> _Dataset extract_
++++++++++++++++++++

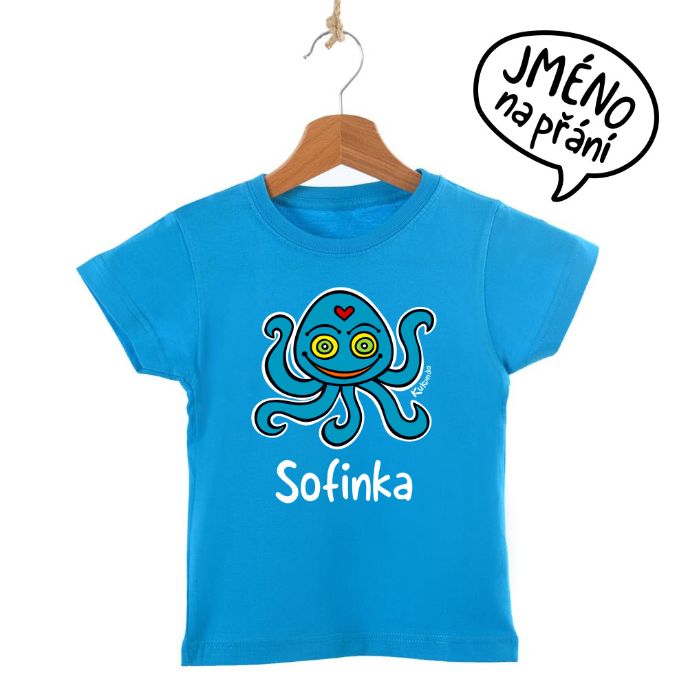 Veselé dětské tričko se jménem a s motivem Kukando® chobotnice – autorského obrázku, který jinde nenajdete :-)
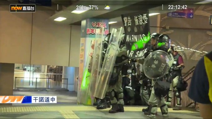 Samedi 28 juillet, des centaines de milliers de Hongkongais ont manifesté dans le quartier d’affaires de Sheung Wan contre le gouvernement. À la nuit tombée, des affrontements ont éclaté entre manifestants et forces de l’ordre, qui se sont échangés projectiles et cartouches de gaz lacrymogène. Des manifestants ont également pointé des rayons lasers bleus et verts en direction de la police, irradiant les nuages de gaz, une pratique "sortie des films de science-fiction" selon certains internautes.
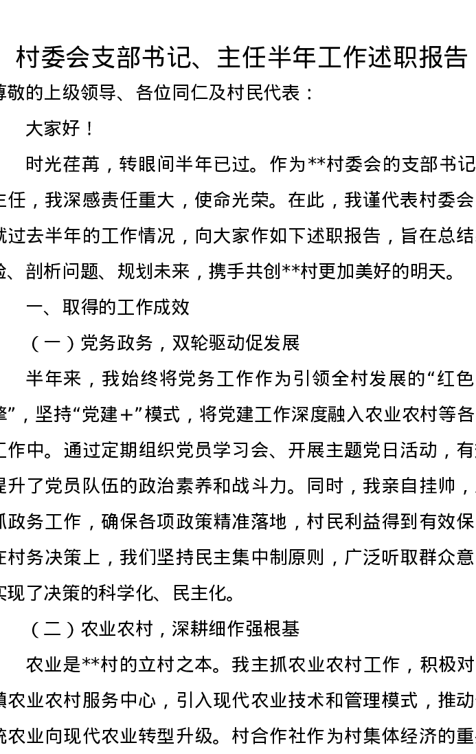 村委会支部书记、主任半年工作述职报告

++++++++++++++++++++

> _Assignment_
Write out the data above exactly as it appears, but without any image.

> _Your solution_
 Veselé dětské tričko se jménem a s motivem Kukando® chobotnice – autorského obrázku, který jinde nenajdete :-)
 Samedi 28 juillet, des centaines de milliers de Hongkongais ont manifesté dans le quartier d’affaires de Sheung Wan contre le gouvernement. À la nuit tombée, des affrontements ont éclaté entre manifestants et forces de l’ordre, qui se sont échangés projectiles et cartouches de gaz lacrymogène. Des manifestants ont également pointé des rayons lasers bleus et verts en direction de la police, irradiant les nuages de gaz, une pratique "sortie des films de science-fiction" selon certains internautes.
 村委会支部书记、主任半年工作述职报告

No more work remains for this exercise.